Los dedos de Clara encontraron el borde de sus bragas primero, el encaje negro ya húmedo al tacto. Eliana jadeó cuando Clara apretó, las yemas de los dedos hundiéndose en la carne de su trasero con una posesión que la hizo arquearse.

—Clara, espera— intentó decir, pero la palabra se convirtió en un gemido cuando Clara tiró del encaje hacia abajo con un movimiento brusco, dejando al descubierto su sexo depilado y brillante de excitación.

—No hay prisa —Clara mordisqueó su labio inferior—, pero no hay espera tampoco.

La llevó a la cama de un empujón, no con violencia, sino con una urgencia que no admitía demoras. Eliana cayó sobre el colchón, las sábanas frías contra su espalda desnuda cuando Clara le arrancó el vestido de un tirón, dejando solo los tacones negros y las bragas enredadas en un tobillo. Clara no se desvistió del todo. Se quitó el vestido con movimientos rápidos, dejando al descubierto un conjunto de lencería negra que apenas contenía sus pechos generosos y el vello oscuro y rizado entre sus muslos. Se subió sobre Eliana, las rodillas hundiéndose en el colchón a cada lado de sus caderas, el peso de su cuerpo presionando justo donde Eliana más lo necesitaba.

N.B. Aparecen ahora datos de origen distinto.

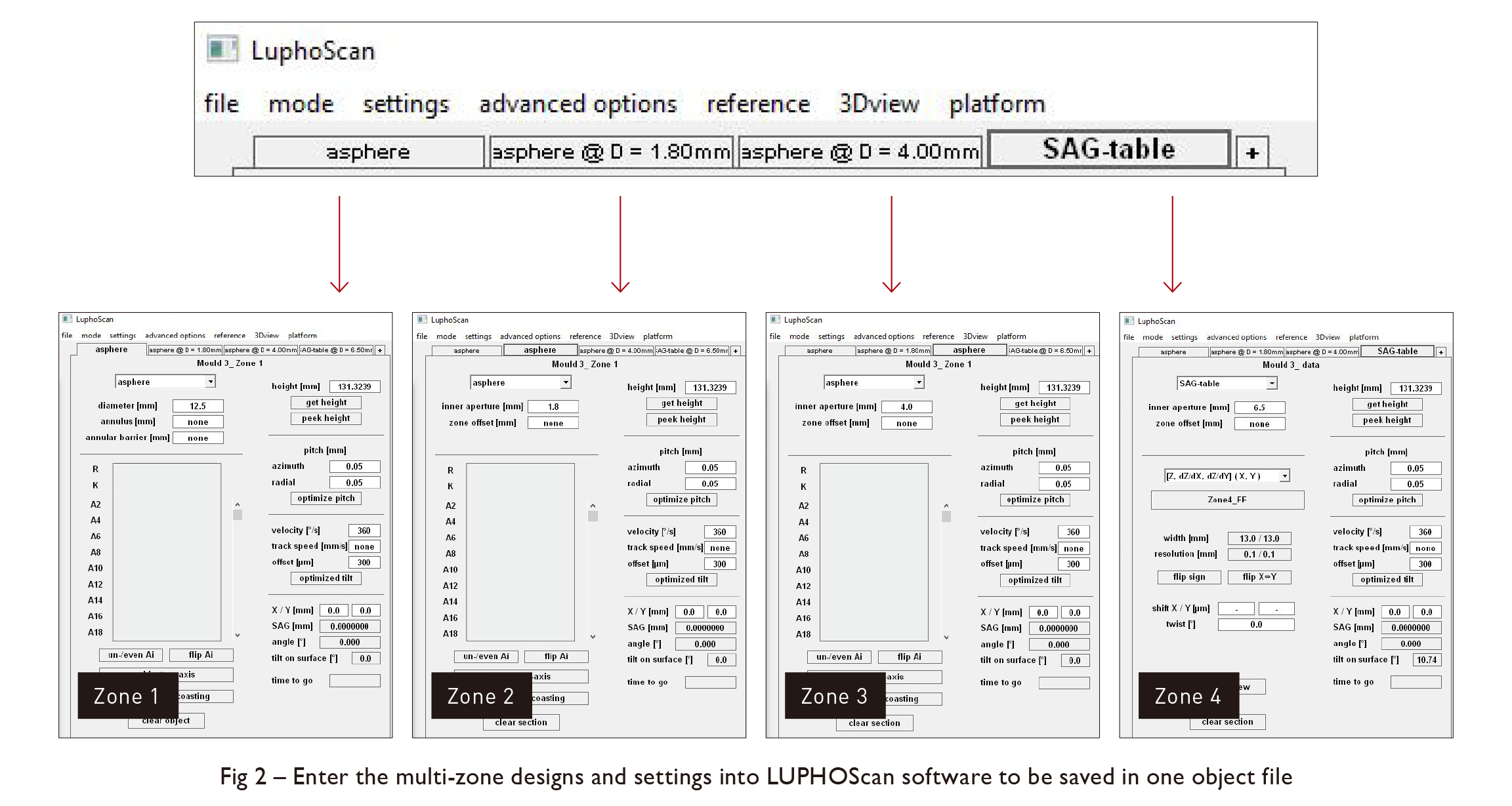 在LUPHOScan软件中输入每个区域的设计方程和测量设置,保存在同一个文件中。
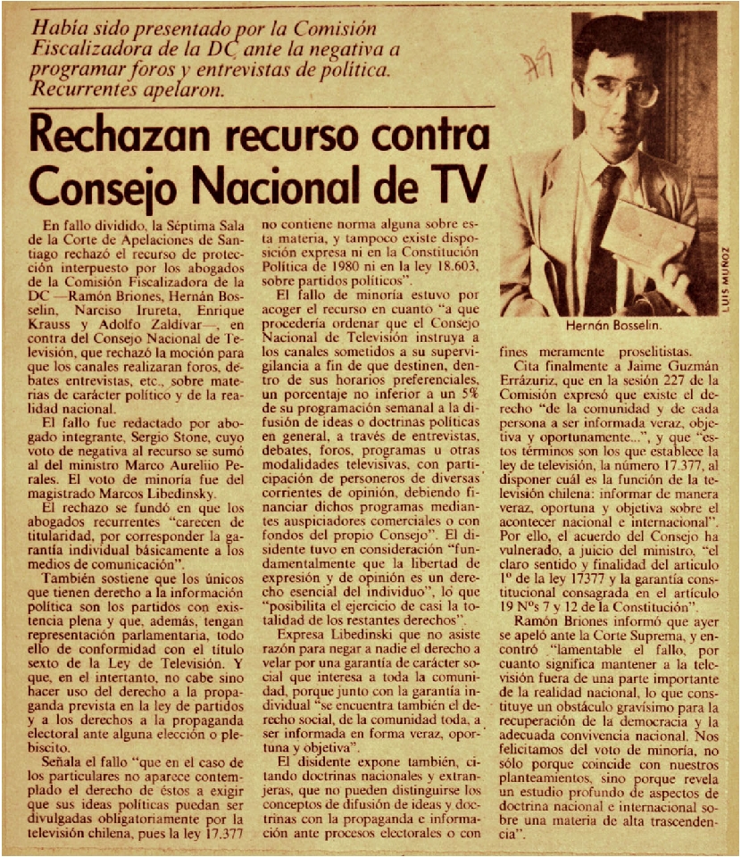 Había sido presentado por la Comisión Fiscalizadora de la DC, ante la negativa a programar foros y entrevistas de política. Recurrentes apelaron.

—Dime que lo quieres —exigió Clara, bajando la cabeza para lamer un pezón erecto, la lengua caliente y áspera.

Eliana arqueó la espalda, las uñas arañando las sábanas.

—Joder, sí, claro que lo quiero—.

No hubo más palabras. Clara bajó la cabeza, los labios rozando el vientre de Eliana, la nariz inhalando el aroma acre de su excitación antes de que su lengua encontrara el clítoris hinchado. Eliana gritó, las caderas levantándose del colchón cuando Clara la lamió de abajo hacia arriba, lenta, deliberada, como si estuviera saboreando un vino caro. Los dedos de Clara se hundieron en sus muslos, manteniéndola abierta, expuesta, mientras su boca trabajaba sin piedad.

—Vas a correrte en mi boca, zorra —murmuró Clara contra su sexo, el aliento caliente haciendo que Eliana se retorciera—. Y luego lo harás otra vez.